Global equities are mostly lower. MSCI Asia-Pacific Index fell 1.2%, the largest in a month, led by financials. The re-election of Ma Ying-jeous in Taiwan was widely anticipated, but failed to bring relief to local shares which fell 1.1%. The Shanghai Composite fell 1.7%, the most in the region and now has given back almost 61.8% of the rally from Jan 6. China reports retail sales, investment and industrial production figures tomorrow.
Most European bourses are lower, though the German Dax is an exception, posting about a 0.3% increase in early afternoon turnover in Frankfurt. Consumer goods/services and technology are leading the way. Financials are the weakest sector in Germany and in the Dow Jones Stoxx 600. Following sovereign downgrades, bank downgrades are anticipated, given the linkages.
European bonds have mostly had a muted response to the S&P downgrades, which were mostly anticipated. Of note, however, Portugal, whose rating was cut below investment grade, has seen a large sell-off, pushing the benchmark 10-year yield up over 100 bp. Spanish and Italian bond yields are little changed.
That said, there is market talk that the ECB has been buying sovereign bonds today. Note the CDS market does appear to be picking up a bit more tension than the sovereign bond markets today. Portugal’s 5-year CDS is up the most (49 bp), followed by Italy (+20 bp). Moody’s, which 3-months ago put France credit outlook on watch warned of credit risks if its slips behind its austerity plans or if the euro zone crisis worsens. S&P decision on the rating of the EFSF, which issues bills later this week, now that it cut France and Austria’s triple-A rating.
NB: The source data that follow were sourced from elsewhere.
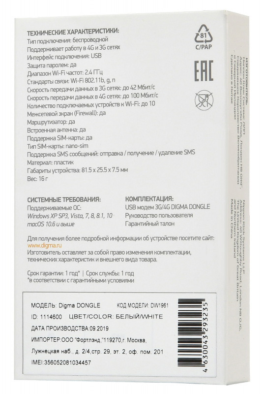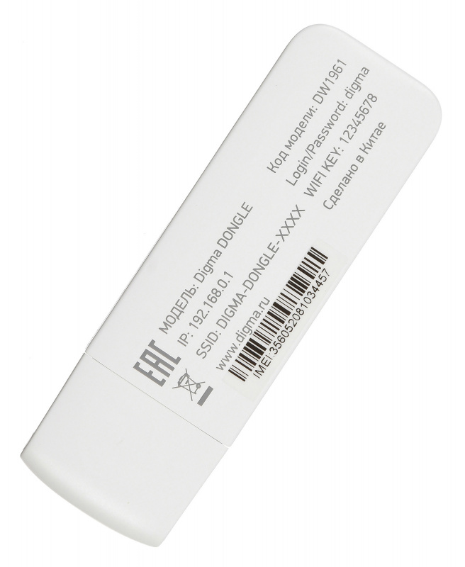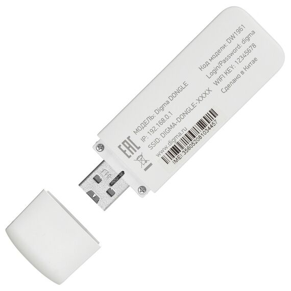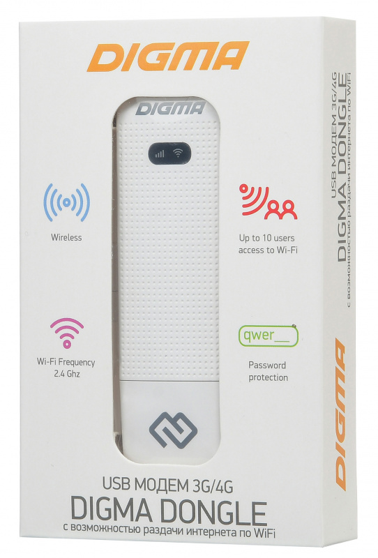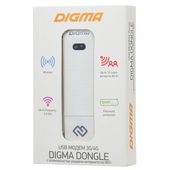 USB модем 3G/4G Digma Dongle DW1961 с интегрированным Wi-Fi роутером – универсальный инструмент для подключения к Интернету по сети сотовой связи ПК, ноутбуков, планшетов, онлайн-камер и иных устройств. Модем может получать питание как непосредственно через USB-порт гаджета, так и от пауэрбанка или сетевого адаптера.
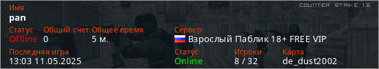 Играет на Counter Strike 1.6 сервере. Страна: РоссияПервый раз замечен 13:01 11.05.2025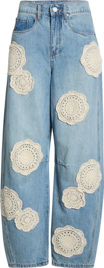 A crochet-like embroidery stands out against the faded wash of these barrel-leg jeans cut with a high waist from nonstretch denim.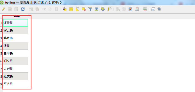 在Qgis中,打开属性表可以看到以下的数据(ps:这里的数据不准确,仅供参考)。这里的数据比较老,与现行的行政区划是不一致的,同时北京市城区没有进行更详细的划分。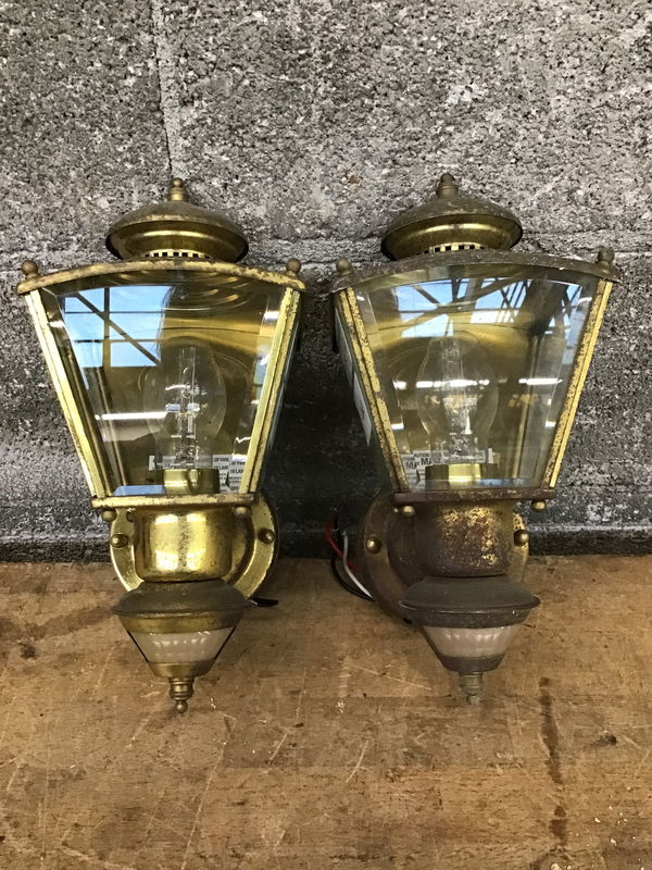 Pair of classy exterior sconces sporting brass construction and a weathered patina. These have motion detectors as well as a timer function.
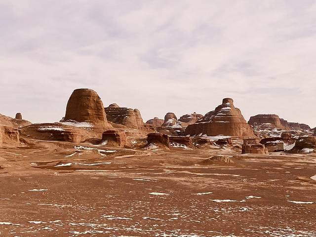 最佳观看时间是傍晚落日时分,夕阳余晖红彤彤的洒在魔鬼城这片土地上,颇为壮观华丽。(虽然我没能停留到傍晚,但是看洗手间里的宣传图的确是这样😌)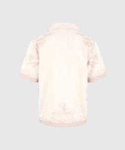 Art meets escapism in the Signature Baroque Resort Shirt, where ornamental motifs and classical detailing define a refined vacation silhouette. Featuring an all-over baroque illustration and contrast paneling through the placket and hem, the shirt blends grand visuals with laid-back tailoring. The relaxed fit and open revere collar make it ideal for elevated summer styling.

Japan surprised with a strong 14.8% jump in November core machinery orders, largely offsetting the Sept and Oct declines (6.9% and 8.2% respectively) and the corporate goods price index edged up 0.1% in Dec. The BOJ regional report showed 7 of the nine regions cutting their economic assessment. Japanese officials appear to be growing increasing uncomfortable with the appreciation of the yen against the euro and the euro fall to new multi-year lows against the yen earlier today (just above JPY97). Intervention on the cross does not seem imminent, but the risks are increasing.
The Bank of Canada meets on Tuesday. It is widely expected to stand pat. There are some observers who expect the central bank to upgrade its economic assessment after 3.5% growth (annualized ) Q3 after a 0.5% contraction in Q2. However, employment data has been weak and Oct GDP was flat. Dec CPI is due out at the end is expected to be 2.7% down from 2.9% on the headline, but the core rate could tick up to 2.2% from 2.1%.
At the IMM, speculative euro net short positions were extended to 155.2k from 138.9k and represents a new extreme. Yen longs were extended to a new multi-year high of 59.6k, up from 56.5k. Sterling, Swiss franc and Canadian dollar net shorts were extended marginally. Net long Australian dollar positions were expanded form 46.5k to 53.5k, a new multi-month high.
India reports a sharp fall in wholesale inflation (7.3% year-over-year in Dec from 9.1% in Nov). This is a two-year low and gives the central bank some breathing space. It is likely to leave rates on hold when it meets next week. This comes at a favorable time for the ruling Congress Party, as state election begin later this month. The rupee is the strongest Asian currency thus far in the new year, after having sold off hard into year-end. The rupee is up 3.25% this year.